● DATASET EXCERPTS:

____________________

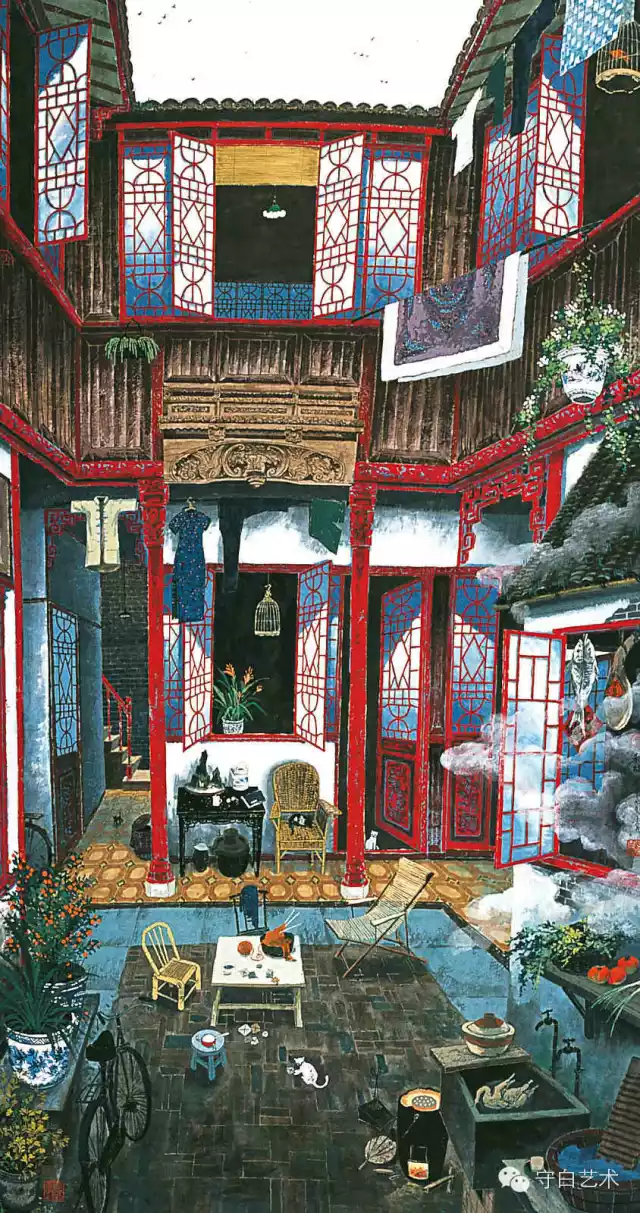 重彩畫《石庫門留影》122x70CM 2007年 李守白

____________________

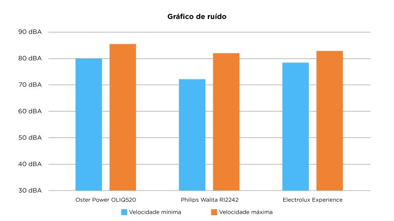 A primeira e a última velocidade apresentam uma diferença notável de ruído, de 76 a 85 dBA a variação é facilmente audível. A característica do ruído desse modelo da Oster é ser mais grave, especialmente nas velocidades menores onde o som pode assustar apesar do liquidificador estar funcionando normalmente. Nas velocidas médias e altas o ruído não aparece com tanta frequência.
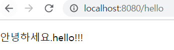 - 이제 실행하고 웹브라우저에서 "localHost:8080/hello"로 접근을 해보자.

____________________

● WHAT THIS TASK INVOLVES: From the line holding "A primeira e" to the line holding "- 이제 실행하고 웹브라우저에서", both included, retype the entries above exactly and drop the pictures.

● PROBLEM SOLUTION:
 A primeira e a última velocidade apresentam uma diferença notável de ruído, de 76 a 85 dBA a variação é facilmente audível. A característica do ruído desse modelo da Oster é ser mais grave, especialmente nas velocidades menores onde o som pode assustar apesar do liquidificador estar funcionando normalmente. Nas velocidas médias e altas o ruído não aparece com tanta frequência.
 - 이제 실행하고 웹브라우저에서 "localHost:8080/hello"로 접근을 해보자.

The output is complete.